Cubans spend 60 to 75 percent of their incomes on food.
- Cuba’s comprehensive approach to mother-and-child health has ensured low rates of morbidity, mortality and malnutrition; rates of moderate and severe underweight in children under 5 and of stunting are less than 5 percent. However, dietary diversity is poor and has declined with changes in the subsidized food basket, including reduced provision of pulses and eggs. In eastern provinces, approximately 44 percent of preschool children consume very few or no vegetables because of limited access and cultural issues, which require behavioural change; and the prevalence of anaemia, mainly mild, is 39.5 percent in children aged 6–23 months and 17 percent in children aged 24–59 months.

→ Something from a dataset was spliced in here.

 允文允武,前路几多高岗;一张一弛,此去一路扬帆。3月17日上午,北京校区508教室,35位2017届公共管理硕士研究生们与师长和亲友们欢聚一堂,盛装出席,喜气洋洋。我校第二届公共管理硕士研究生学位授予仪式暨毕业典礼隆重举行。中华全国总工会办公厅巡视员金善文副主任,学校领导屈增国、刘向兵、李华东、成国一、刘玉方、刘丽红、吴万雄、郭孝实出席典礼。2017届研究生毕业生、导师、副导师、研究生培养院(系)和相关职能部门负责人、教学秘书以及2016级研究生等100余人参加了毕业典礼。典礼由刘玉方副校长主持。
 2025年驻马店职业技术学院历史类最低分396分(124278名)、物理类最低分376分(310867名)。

- Cuba is updating its economic model and social programmes, including by decentralizing decision-making on food resources and adopting a new agricultural management model focused on reducing food imports. This model increases the role of provincial and municipal authorities in the economic and financial management of production systems, and encourages food self-sufficiency programmes.
- Between 1994 and 2008, the proportion of agricultural land under State control and management declined from 85 to 23 percent through the conversion of State farms into cooperatives, with farmers usufructing land and benefiting directly from their production. From 2008 to 2013, more than 184,000 people – many with limited farming experience – received 1.6 million ha of farmland. Lack of technical capacity, limited access to inputs and poor training resulted in low productivity.

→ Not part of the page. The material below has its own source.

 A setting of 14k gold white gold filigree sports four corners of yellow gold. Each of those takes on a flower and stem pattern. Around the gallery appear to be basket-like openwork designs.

A remedy to this problem of low productivity has been, for example, the Programa de Apoyo Local a la Modernización del sector Agropecuario en Cuba (Local Support Program for the Modernization of the Cuban Agricultural Sector) supported by the EU and UNDP. Under this program, 13,200 farmers were provided with farming tools and machines, as well as training on modern and sustainable farming, including training on cooperatives; and business management and planning. The project has shown first impacts: the enrolled cooperatives have been able to increase production of basic food products, such as milk, grains, fruits and tubers. In 2011 alone, this increased production replaced more than US $15 million worth of food imports.
The new US$ 18 million WFP program aims to further build on these advances by supporting food security and nutrition-related social protection programmes (e.g., adding bean rations to school feeding programs and distributing micronutrient powders to fight anemia); strengthen links between social protection systems and agricultural value chains (i.e. supporting local bean production and subsequently linking local procurement from smallholder farmers and cooperatives to food-based social protection programmes targeting preschools, primary schools, maternity homes and the elderly); and strengthening community resilience and disaster risk management capacities at the local level.

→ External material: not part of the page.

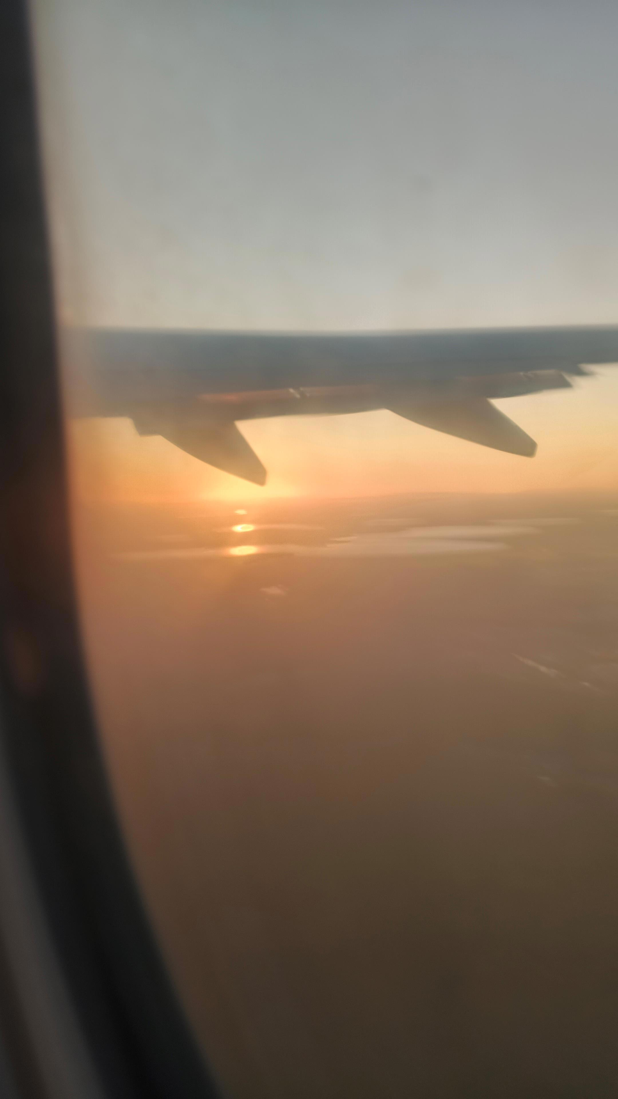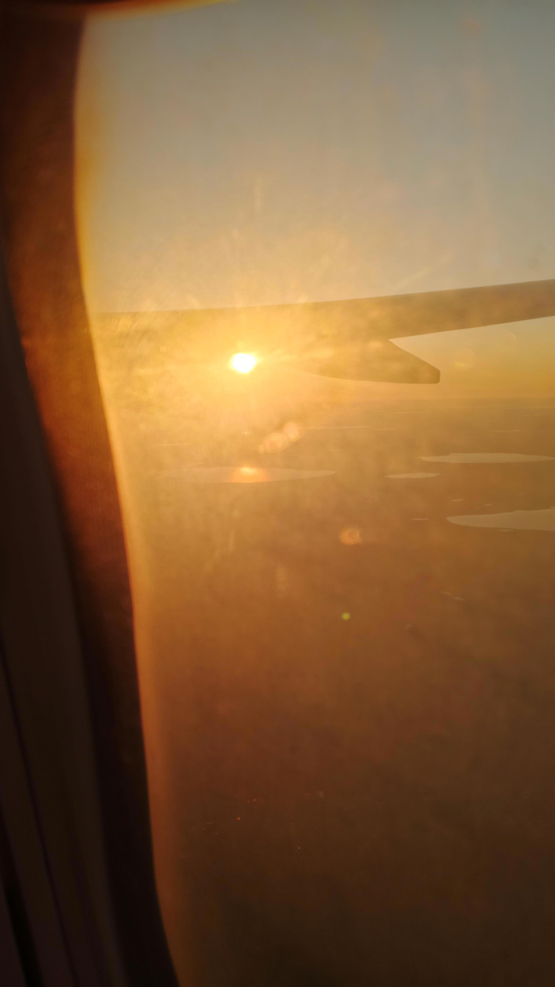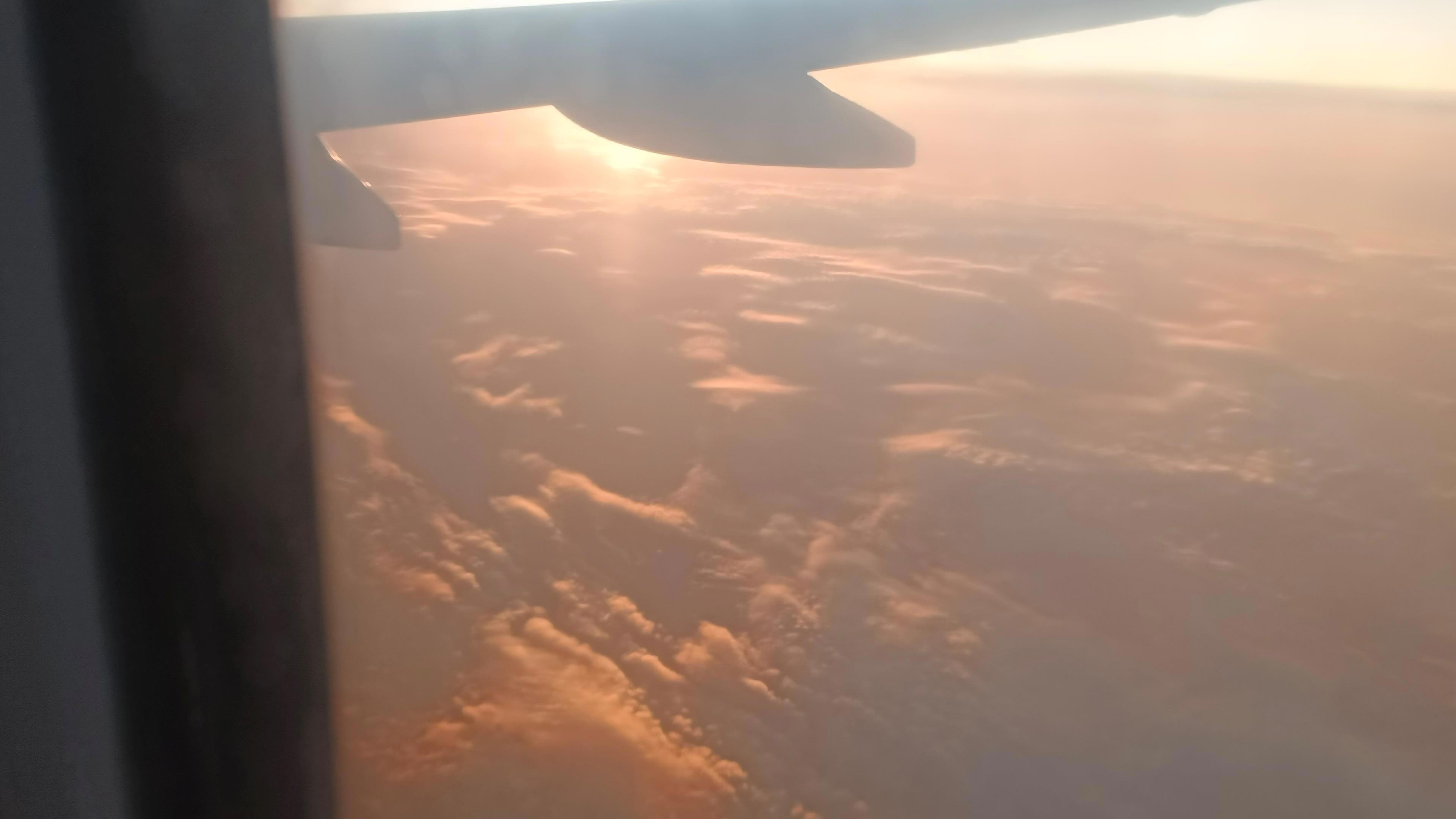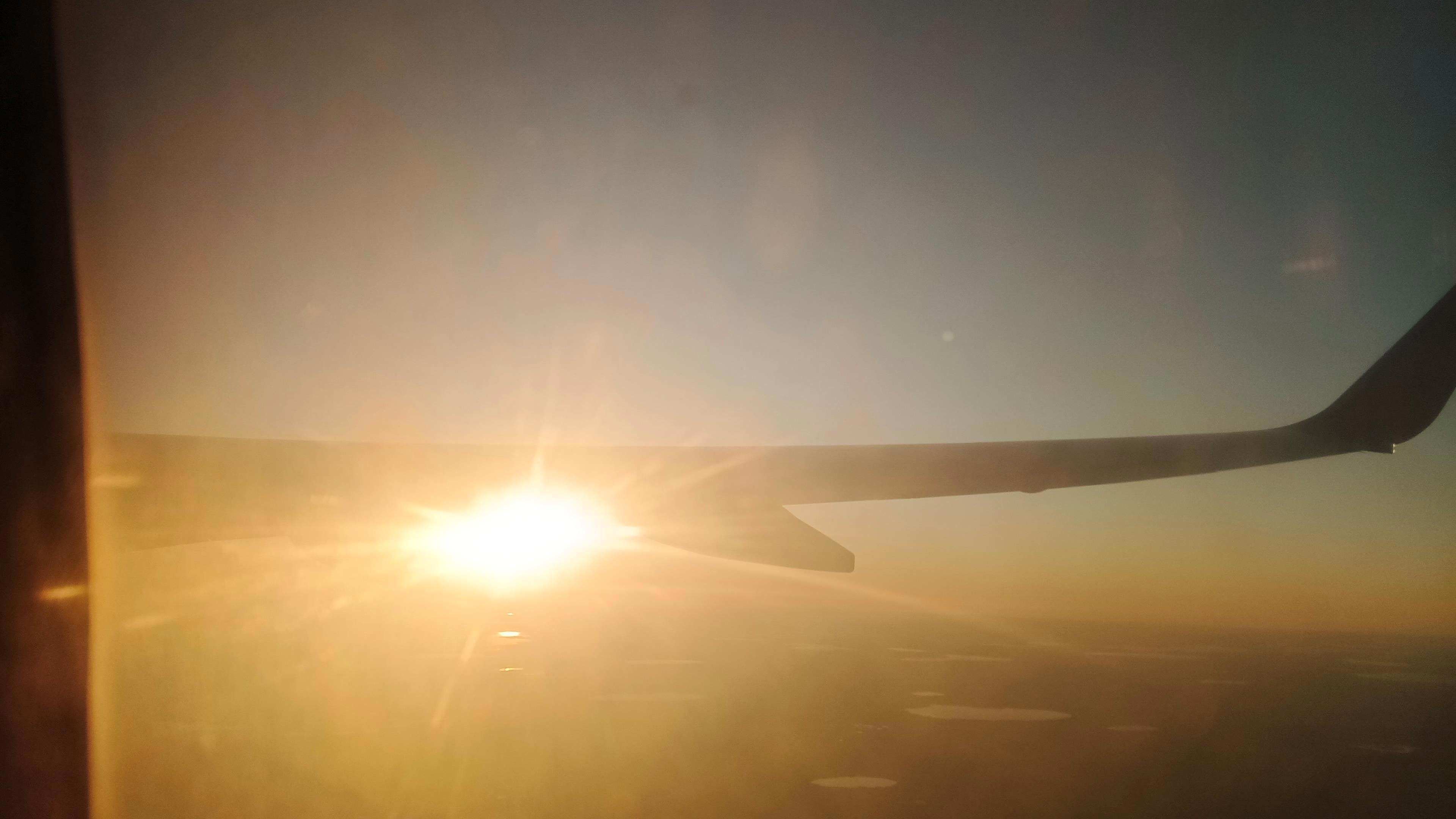 Летели мы на запад. И весь полет солнце было на крыле самолёта. Красиво!

What all these fancy terms boil down to, finally, is this: Cuba needs to get better at producing food on its own territory, in particular beans, the main source of protein for its population. Here, however, alternative agricultural policy may get into the way.
I recall a session at our conference where producers could share experiences about sustainable land management. After many encouraging examples, one farmer spoke up and lead the discussion in a different direction. He came from Pinar del Rio, the island’s top tobacco-growing area. Here, the usufruct – the right to use land for agricultural activities – is tied to meeting a government-issued quota of tobacco production. The farmer in question got so emotional he almost wept:
Why are we not allowed to plant something less demanding that can also feed our families? Why won’t the government let us at least intercrop short-cycle plants with multiple harvests a year? Why, if we know we need to produce more beans, can’t we plant beans?
This question will be the topic of a future in-depth blog post.